#### Task objective
Beneath this sentence is a listing. Return its lines from the one containing "FRINGES OF LIFE" through the last, exactly, and omit the pictures.

#### Information supplied
%%

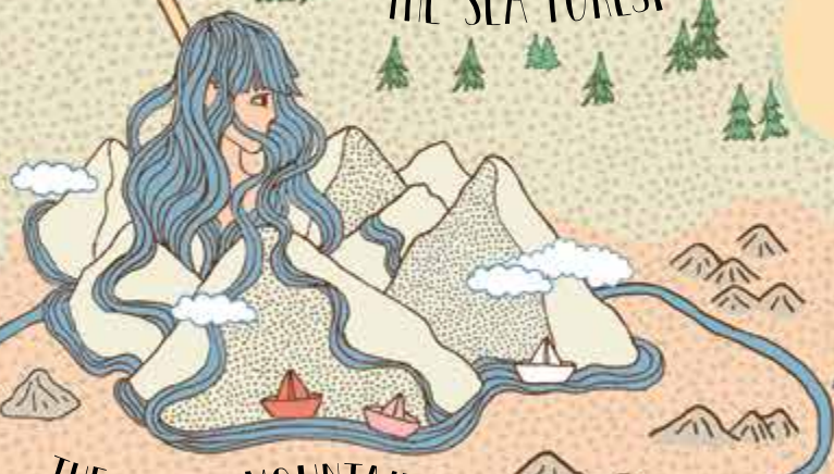
THE PAPER MOUNTAINS
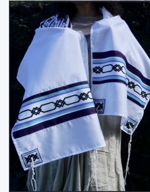
FRINGES OF LIFE
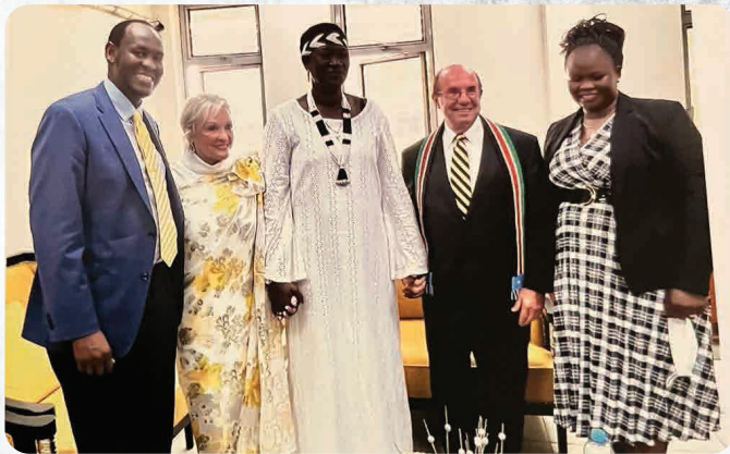
Undying Hope team meeting with the Minister of General Education and Instruction

%%

#### Reply
FRINGES OF LIFE
Undying Hope team meeting with the Minister of General Education and Instruction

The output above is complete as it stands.